A reportagem apurou que dois prefeitos da região e um deputado estadual estão entre os investigados, sendo que no último dia 21 o desembargador Ademir Benedito, do Tribunal de Justiça de São Paulo, determinou o desmembramento do processo investigativo tendo em vista o foro por prerrogativa de função, que atrai a competência das investigações envolvendo os três, para segunda instância.

A investigação, que conta com inquéritos policiais e civis instaurados, teve a duração de aproximadamente dois anos, período este em que foram levantadas informações que indicam a existência de um sofisticado esquema de corrupção envolvendo agentes públicos, empresários e profissionais liberais, bem como de desvio de milhões de reais que deveriam ser aplicados na saúde.

Em decorrência desse trabalho investigativo foram expedidos 64 mandados de prisão temporária e 237 mandados de busca, sendo 180 no estado de São Paulo e 57 nos demais estados, além do sequestro de bens e valores.

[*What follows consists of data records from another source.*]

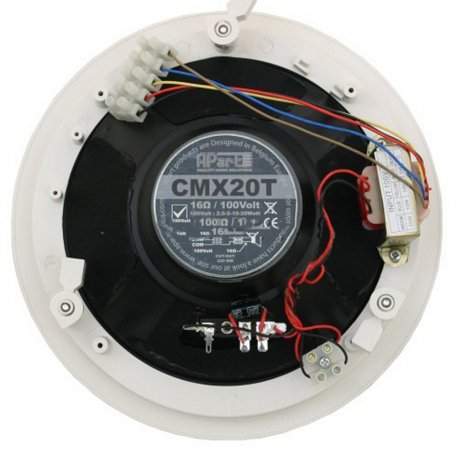 APart CMX20T - двухполосный потолочный громкоговоритель белого цвета с низкочастотным динамиком 8". Диффузор низкочастотного динамика выполнен из полипропилена, что позволяет использовать APart CMX20T во влажных помещениях и обеспечивает очень низкий уровень искажений. Для расширения воспроизводимых частот в APart CMX20T встроен высокочастотный динамик с купольным диффузором 1" из шелка. APart CMX20T идеально подходит для подходит как для воспроизведения музыки, так и речи. Каркас громкоговорителя выполнен из высококачественного пластика ABS. APart CMX20T может подключаться как к 100-вольтовым, так и к низкоомным аудио усилителям.
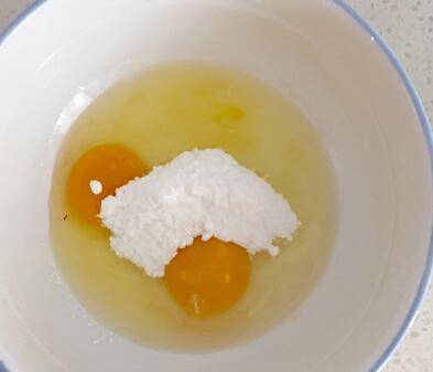先把鸡蛋加入糖粉打入碗里。搅拌均匀。
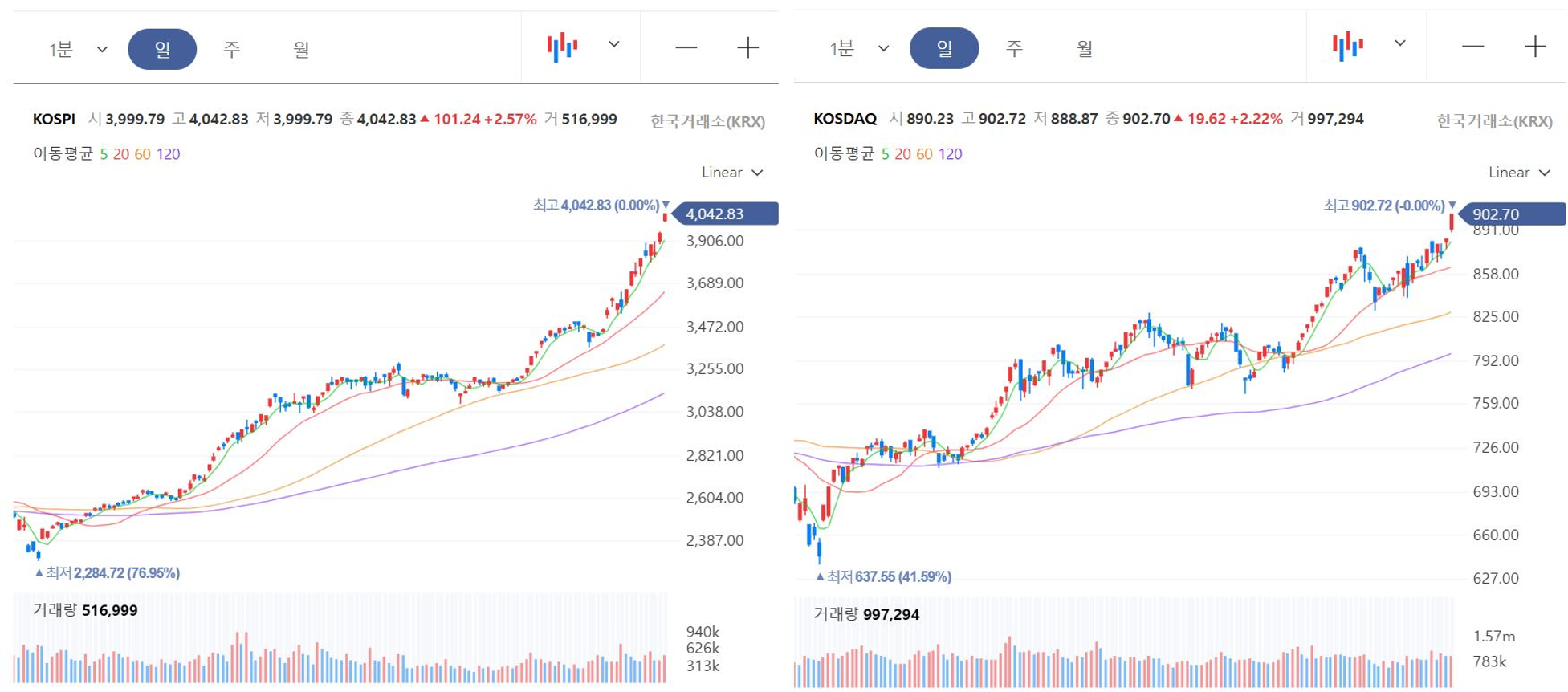 - 외국인·기관 동반 매수세로 코스피 4,000·코스닥 900선 동시 돌파

As prisões e as buscas se deram em dezenas de município do estado de São Paulo, dentre eles Penápolis, Araçatuba, Birigui, Osasco, Carapicuíba, Ribeirão Pires, Lençóis Paulista, Agudos, Barueri, Guapiara, Vargem Grande Paulista, Santos, Sorocaba, bem como em cidades do Pará, Paraná, Minas Gerais e Mato Grosso do Sul.

Para o cumprimento dos mandados foram convocados 816 policiais civis de todo o estado, 204 viaturas policiais e dois helicóptero da Policia Civil. Por parte do Ministério Público, 30 Promotores de Justiça e 10 Agentes de Promotoria participaram da operação.

Também cooperaram policiais civis de outros estados e a Polícia Federal no estado do Pará, onde objetivou-se o cumprimento do maior número de prisões temporárias e mandados de busca e apreensão fora do estado de São Paulo e que nesta data também deflagraram a Operação SOS.

De acordo com a investigação, há indícios de esquema de desvio de verba pública por meio da celebração de contratos de gestão entre Organizações Sociais e o Poder Público, em sua maioria, através de procedimentos licitatórios fraudulentos e contratos superfaturados.

No transcorrer da investigação identificou-se dezenas de envolvidos com o grupo criminoso divididos em diversos núcleos, cada qual com sua colaboração na prática das supostas infrações penais.

De acordo com o apurado, houve a aquisição de grande quantidade de bens móveis e imóveis, sendo que parte da evolução patrimonial do grupo se deu justamente no período da pandemia.